How do you find a power series representation for #x^3/(2-x^3)# and what is the radius of convergence?

Question

Emily Ammerman · Accepted Answer

Use the Maclaurin series for #1/(1-t)# and substitution to find:

#x^3/(2-x^3) = sum_(n=0)^oo 2^(-n-1) x^(3n+3)#

with radius of convergence #root(3)(2)# The Maclaurin series for #1/(1-t)# is #sum_(n=0)^oo t^n# since #(1-t) sum_(n=0)^oo t^n = sum_(n=0)^oo t^n - t sum_(n=0)^oo t^n = sum_(n=0)^oo t^n - sum_(n=1)^oo t^n = t^0 = 1# Substitute #t = x^3/2# Then we find: #2/(2-x^3) = 1/(1-x^3/2) = sum_(n=0)^oo (x^3/2)^n = sum_(n=0)^oo 2^(-n) x^(3n)# Multiply by #x^3/2# to find: #x^3/(2-x^3) = x^3/2 sum_(n=0)^oo 2^(-n) x^(3n) = sum_(n=0)^oo 2^(-n-1) x^(3n+3)# This is a geometric series with common ratio #x^3/2# so converges when #abs(x^3/2) < 1# which is when #abs(x/root(3)(2)) < 1#, which is when #abs(x) < root(3)(2)#. So the radius of convergence is #root(3)(2)#.

Isaiah Allen · Answer

undefined To find a power series representation for $ \frac{x^3}{2 - x^3} $, you can use partial fraction decomposition and then express each term as a geometric series.
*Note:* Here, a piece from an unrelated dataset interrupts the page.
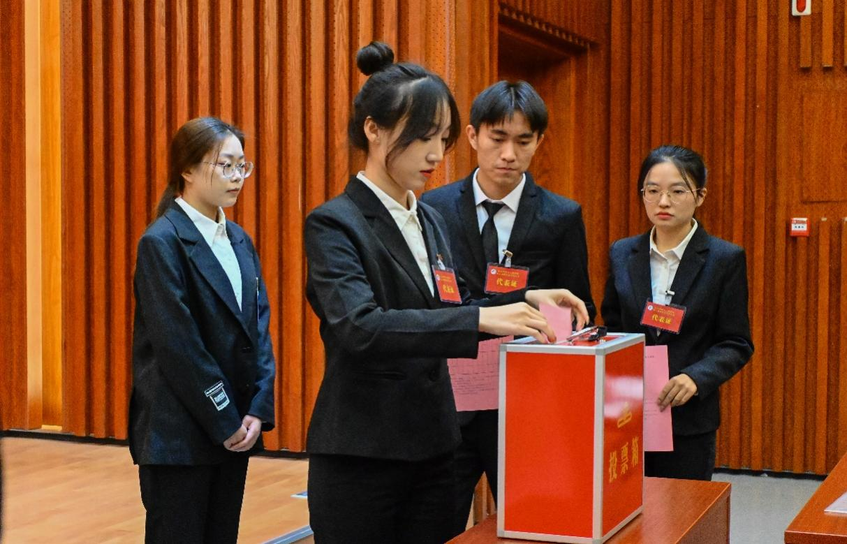 此后,大会审议并通过了《山东师范大学信息科学与工程学院学生会章程》、《山东师范大学信息科学与工程学院研究生会章程》、《山东师范大学信息科学与工程学院学生会工作报告的决议》、《山东师范大学信息科学与工程学院研究生会工作报告的决议》,大会选举办法,委员会、主席团候选人名单及监票人、计票人名单,并通过无记名投票选举出郭士耀等七人作为学生代表大会委员会成员,张本寰等三人作为学生代表大会主席团成员,曹喜玲等十一人作为研究生代表大会委员会成员,祝令凯等三人作为研究生代表大会主席团成员。

The function can be written as $ \frac{1}{2} \cdot \frac{x^3}{1 - (x^3/2)} $. By recognizing that $ \frac{x^3}{2} $ is a common ratio, you can rewrite the expression as a geometric series. The resulting power series representation is $ \sum_{n=0}^{\infty} \frac{x^{3n+3}}{2^{n+1}} $.

The radius of convergence $ R $ can be found using the ratio test. Applying the ratio test to the series, you'll find that $ R = 2^{1/3} $.